▸ **What the task asks**: Look below for the line that contains "This Oval Stone", then copy it and each following line to the end of the records, minus any pictures.

——

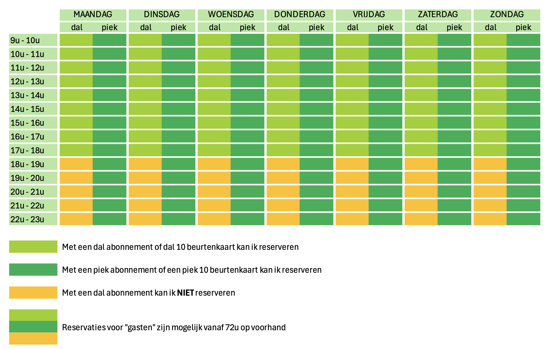 Dalabonnementen en gasten kunnen niet in de oranje periode reserveren.
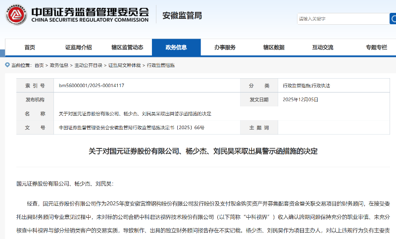 12月5日,安徽证监局发布关于对国元证券、杨少杰、刘民昊采取出具警示函措施的决定,经查,国元证券股份有限公司作为2025年度安徽富煌钢构股份有限公司发行股份及支付现金购买资产并募集配套资金暨关联交易项目的财务顾问,在接受委托出具财务顾问专业意见过程中,未对标的公司合肥中科君达视界技术股份有限公司(以下简称“中科视界”)收入确认跨期问题保持充分的职业审慎、未充分核查中科视界与部分经销类客户的交易实质,导致制作、出具的独立财务顾问报告存在不实记载。杨少杰、刘民昊作为项目主办人,对以上违规行为负有主要责任。
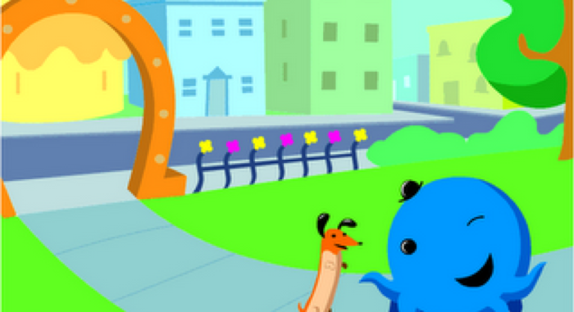 Él lleva la galera a la parque. Él corre y juega con su perro.
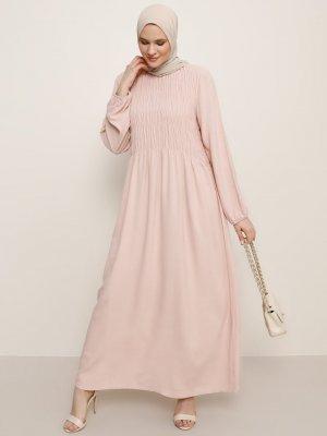 Alia Pudra Doğal Kumaşlı Büzgü Detaylı Elbise
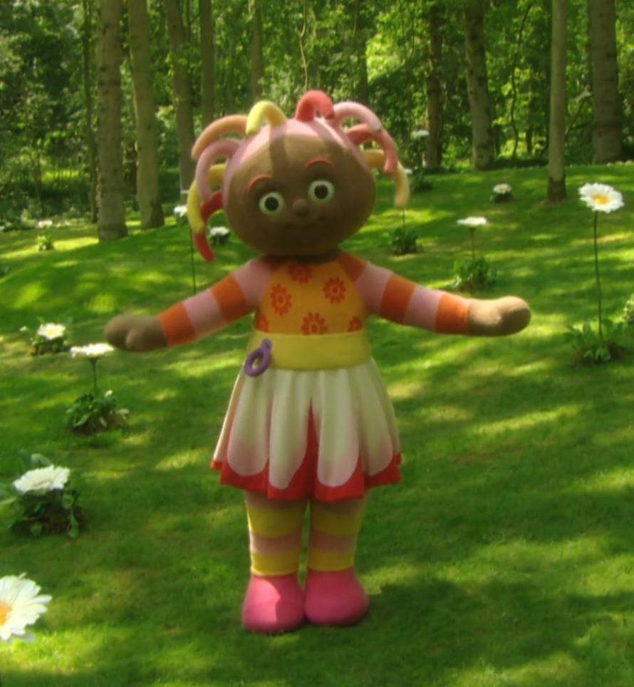 Igglepiggle (Nick Kellington) is an energetic and beloved character, recognized by his constant companion, a red blanket. He hops and moves around the garden with a curious and adventurous personality, yet occasionally displays vulnerable and shy traits. Igglepiggle often seeks reassurance, which he finds most effectively through his friendship with Upsy Daisy and his cherished blanket.【1】
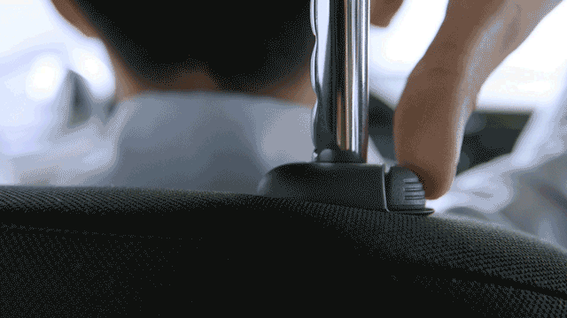 - 重新安装:按住释放按钮,将头枕支柱插入原位后,将头枕调节至适当高度,向上拉头枕确保其锁定到位。
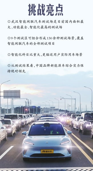 “天气良好的情况下,场内几乎每天都有汽车过来进行测试。”武汉智能网联汽车测试场负责人苏芮琦介绍,此次30余款热门新能源汽车集中封闭测试,是测试场投用以来车辆数量最多、使用天数最长和使用区域综合规模最大的一次。
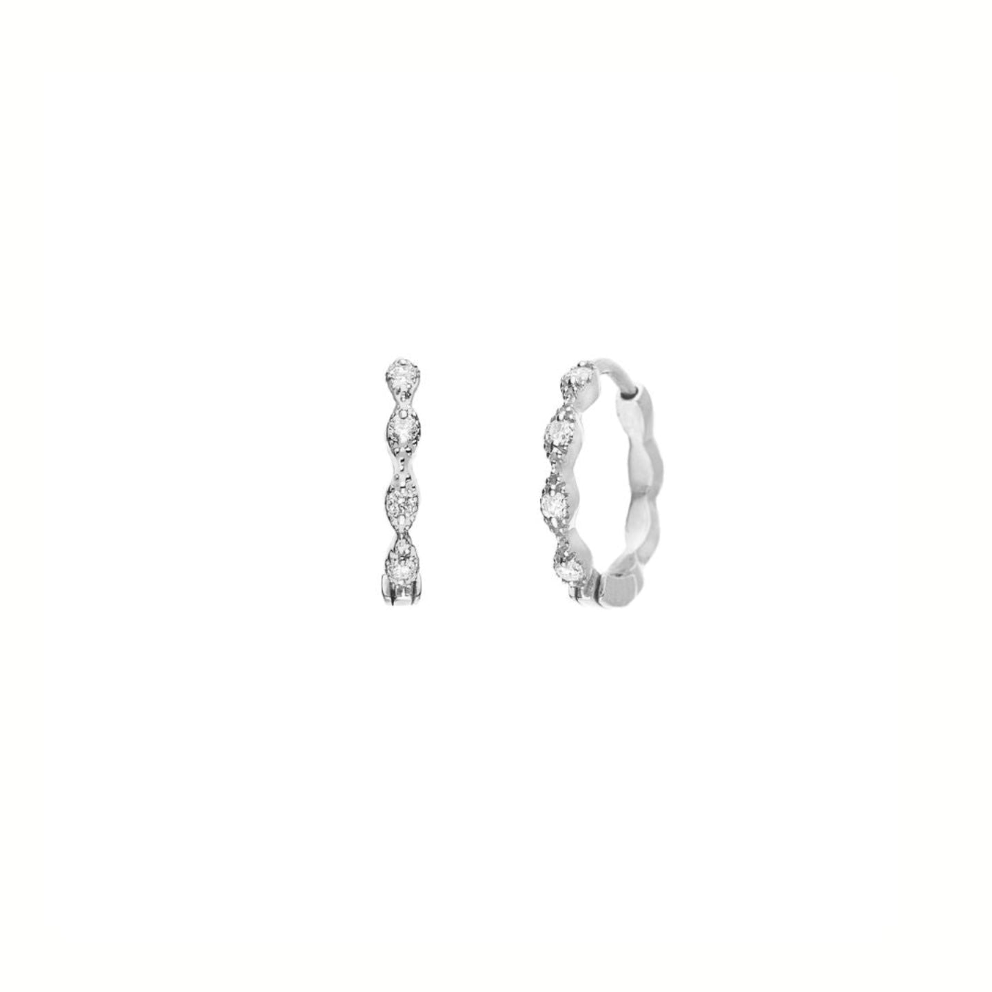 Sweet and simple, the Eleanor White Diamond Huggies are an effortless addition to jazz up your ear stack. Milgrain details add just enough texture for when you want to wear solo, too.
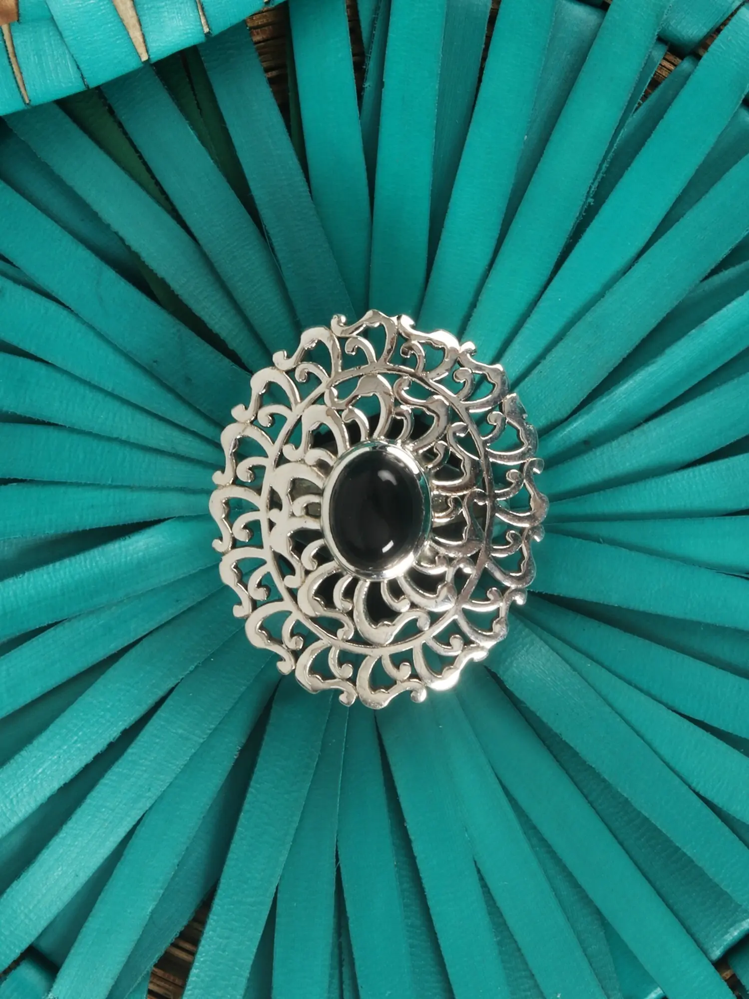 This Oval Stone Sterling Silver Ring is an exquisite fusion of artistry and elegance. At its heart lies a mesmerizing blue stone, exuding a tranquil allure. The sterling silver setting is adorned with lines that elegantly emerge like sunrays, encircling the stone with a celestial grace. This thoughtful design creates a harmonious blend of nature-inspired aesthetics and contemporary style. This bright jewelry is a testament to the age-old traditions of Shringar and allows the beholder to delve into the boundless options of jewelry.
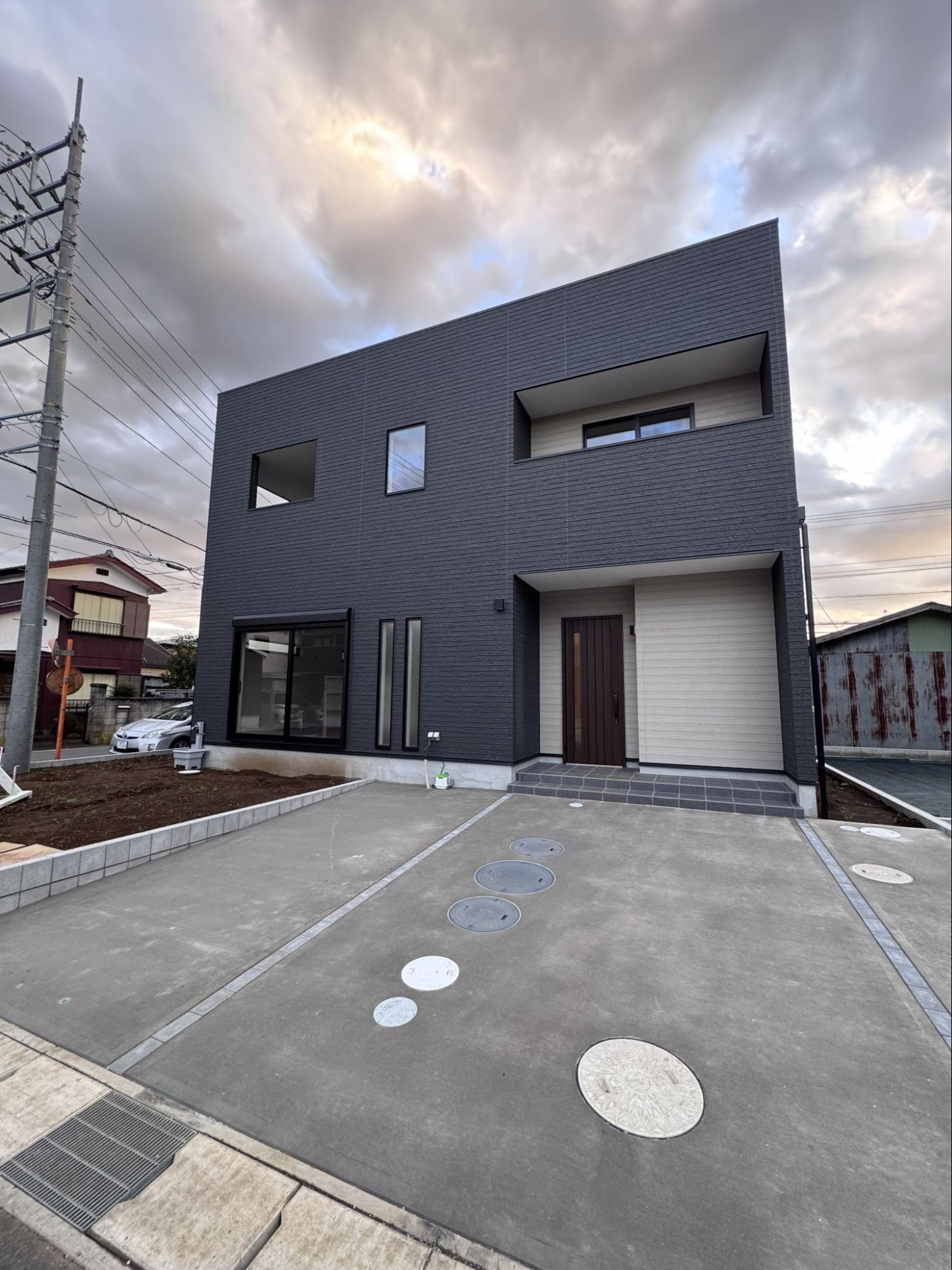 重厚感のあるグレーの外壁が印象的な外観。目の前には広々とした駐車スペースがございます。

——

▸ **Your response**:
 This Oval Stone Sterling Silver Ring is an exquisite fusion of artistry and elegance. At its heart lies a mesmerizing blue stone, exuding a tranquil allure. The sterling silver setting is adorned with lines that elegantly emerge like sunrays, encircling the stone with a celestial grace. This thoughtful design creates a harmonious blend of nature-inspired aesthetics and contemporary style. This bright jewelry is a testament to the age-old traditions of Shringar and allows the beholder to delve into the boundless options of jewelry.
 重厚感のあるグレーの外壁が印象的な外観。目の前には広々とした駐車スペースがございます。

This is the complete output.